ROI identification: we assigned slices #2-3 (out of 12 sagittal slices) as contralateral and #10-11 as ipsilateral to the site of injury. We manually drew a bounding box to separate Scc from Bcc and included voxels above 0.5 for Scc and above 0.3 in Bcc in the red channel of the colored FA maps. We applied a lower threshold for Bcc as it is a thinner ROI compared to Scc to include more voxels for statistical hypothesis testing. To draw Cg, we followed the superior boundary of the corpus callosum in the coronal plane and consistently picked a line of voxels above it, guided by the green channel contrast as shown in Fig. 4a.

Statistics and reproducibility

Effect size

We define a nonparametric measure of effect size between two distributions X and Y as

$${d}_{{{{\rm{eff}}}}}=\frac{{Q}_{0.5}(X)-{Q}_{0}.5(Y)}{{{\mbox{PMAD}}}_{XY}}\,,$$
(26)

where Q0.5 is the median of the distribution, and

$${{\mbox{PMAD}}}_{XY}=\sqrt{\frac{({n}_{X}-1){{\mbox{MAD}}}_{X}^{2}+({n}_{Y}-1){{\mbox{MAD}}\,}_{Y}^{2}}{{n}_{X}+{n}_{Y}-2}}$$

is the pooled MAD, where MAD calculates the MAD using the Hodges-Lehmann estimator120.

Class imbalance

To address the class imbalance when performing SVMs to separate between sham-operated and TBI axons, we randomly subsampled the dataset with the larger number of axons to match the size of the class with fewer axons.

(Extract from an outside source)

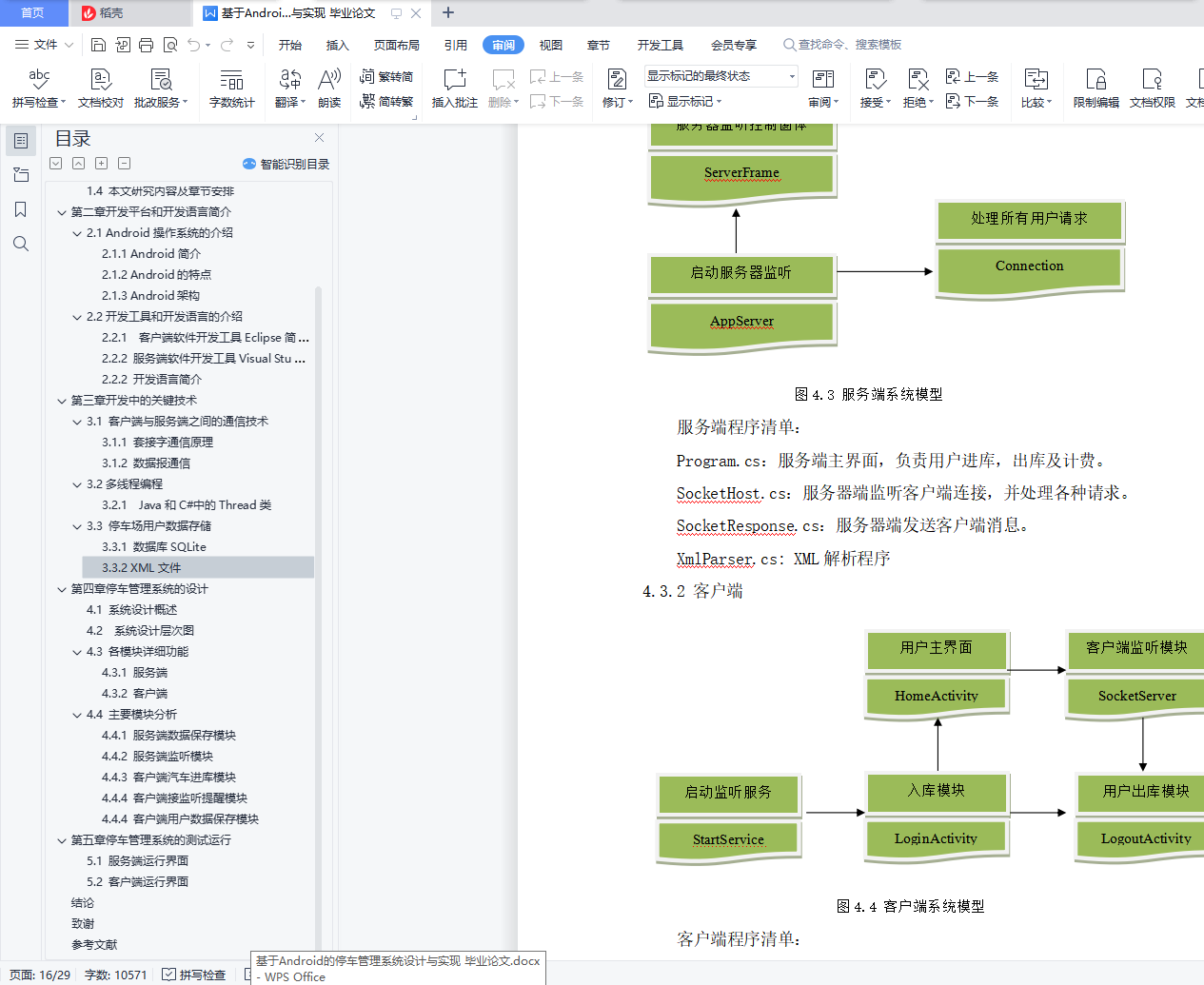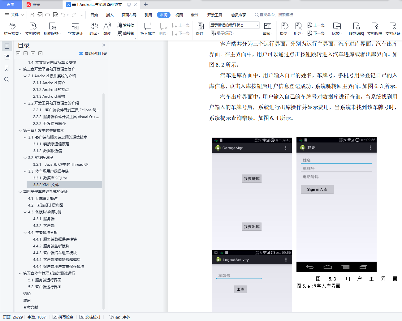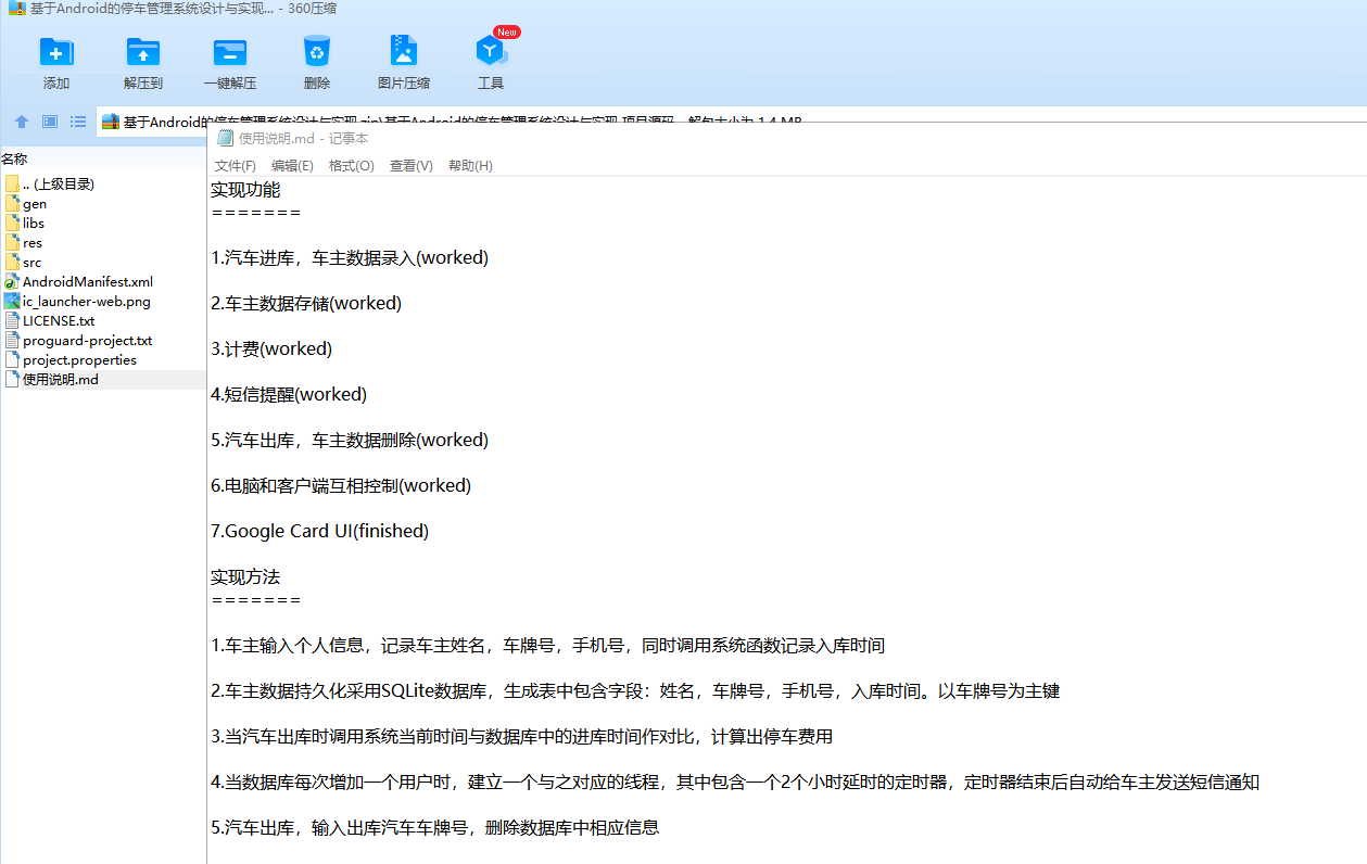 目录摘要 5Abstract: 6引言 7第一章 绪论 8基于Android的停车管理系统 5A Parking Management System Based on Android Operating System 6Abstract: 6引言 7第一章 绪论 81.1所选课题的研究背景与意义 81.2设计系统所要达到的要求 91.3 C/S结构简介 91.4 本文研究内容及章节安排 9第二章 开发平台和开发语言简介 102.1 Android操作系统的介绍 102.1.1 Android简介 102.1.2 Android的特点 102.1.3 Android架构 102.2开发工具和开发语言的介绍 112.2.1 客户端软件开发工具Eclipse简介 112.2.2 服务端软件开发工具Visual Studio简介 122.2.2 开发语言简介 12第三章 开发中的关键技术 133.1 客户端与服务端之间的通信技术 133.1.1 套接字通信原理 133.1.2 数据报通信 133.2 多线程编程 133.2.1 Java和C#中的Thread类 143.3 停车场用户数据存储 143.3.1 数据库SQLite 143.3.2 XML文件 15第四章 停车管理系统的设计 164.1 系统设计概述 164.2 系统设计层次图 164.3 各模块详细功能 174.3.1 服务端 174.3.2 客户端 184.4 主要模块分析 184.4.1 服务端数据保存模块 184.4.2 服务端监听模块 204.4.3 客户端汽车进库模块 224.4.4 客户端接监听提醒模块 224.4.4 客户端用户数据保存模块 24第五章 停车管理系统的测试运行 265.1 服务端运行界面 265.2 客户端运行界面 27结论 29致谢 30参考文献 31摘要:随着我国现代化进程的不断加快,私家车的数量急剧增加,各类停车场的车流量不断增多,对机动车的保管越来越成为社会倍受关注的问题。本论文主要介绍了Android系统架构,并且针对现在普遍采用的人工收费管理方法存在的弊端,提出了一套由Android SDK和Visual C#开发设计的车库车位管理信息系统,使用Socket技术进行电脑服务端和手机客户端之间的通信,手机端软件和电脑端软件分别采用SQLite和XML保存用户数据,采用流行的C/S 结构,也就是客户端/服务器模式。该系统在入口处由用户使用智能手机输入用户的姓名,车牌号,手机号等信息,在出口处服务端根据车牌号在停车记录中自动查找该车信息,并自动计费,收取停车费,当用户停车超过一定时间时,系统会自动发送短信提醒。该系统共分为登录模块、计费模块、查询模块、用户管理模块、短信提醒模块,文中对各模块的功能、操作界面、工作流程做了详细的介绍。关键词:C/S结构;Android操作系统;Socket通信;停车管理Abstract: With the development of economy, the number of cars increasing drastically, so a serious problem emerge: how to supervise the park of cars.This paper mainly introduce the framework of Android Operating System and bring out a new car management system that can replace the old which is done by human power. The system is based on Android SDK and Visual C# development platform. It uses Socket technology to communicate between mobile phone and computer and employs XML file on computer, SQLite on mobile phone accordingly to store user data. The system needs user entering their name, phone number, car number when they arrive, and calculate parking time and fee when they leave. This system contains login module, counting fee module, query module, user management module and SMS notification module.Keywords: C/S Architecture; Android Operating System; Socket Communication; Garage Management

Estimation of uncertainties and error bars

Estimation of error bars

To quantify uncertainty in diffusion and geometric parameter estimation, we report standard deviations reflecting variability over plausible parameter ranges, rather than statistical fit errors, which capture uncertainty within a fixed model but not variability across modeling choices. In particular:

We performed linear fits to D(t) against \(1/\sqrt{t}\) over a range of plausible lower-bound diffusion times t0 [3, 10] ms to determine D and cD. Horizontal error bars in Fig. 2e, f represent the standard deviations of these fits.

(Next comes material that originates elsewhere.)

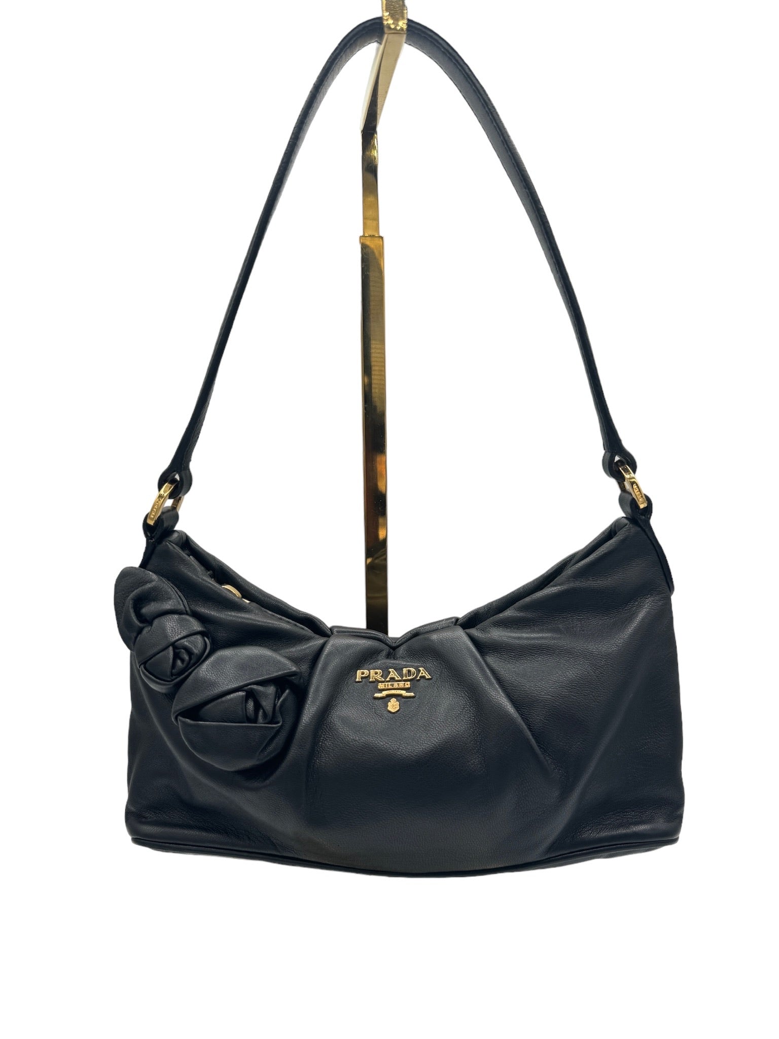 PRADA - Black Glace Leather Rose Shoulder Bag

We estimated Γ0 by fitting over a range of fractions β [0.92  0.97] of the total variance of the cross-sectional fluctuations (Eq. S1). The resulting standard deviation defines the vertical error bars in Fig. 2f.

In Fig. 3e, error bars represent the weighted standard deviation of D,i and cD,i across individual axons. These errors are then propagated to compute the standard deviations of 〈1/α〉 and Γ0 shown in Fig. 3g.

Propagation of uncertainty in linear fits

To estimate the uncertainty of the predicted line \(D(t)={D}_{\infty }+{c}_{D}/\sqrt{t}\), we used standard error propagation for a linear model: \(D(t)={\mu }_{{D}_{\infty }}+{\mu }_{{c}_{D}}\cdot {t}^{-1/2}\), where \({\mu }_{{c}_{D}}\) and \({\mu }_{{D}_{\infty }}\) are the estimated slope and intercept with standard deviations \({\sigma }_{{c}_{D}}\) and \({\sigma }_{{D}_{\infty }}\), respectively. The propagated uncertainty of D(t) at a given t is then: \({\sigma }_{D(t)}=\sqrt{{\sigma }_{{D}_{\infty }}^{2}+{t}^{-1}\cdot {\sigma }_{{c}_{D}}^{2}}\), used for computing the shaded intervals in Fig. 2f and Supplementary Figs. S2–S4.

Reporting summary

Further information on research design is available in the Nature Portfolio Reporting Summary linked to this article.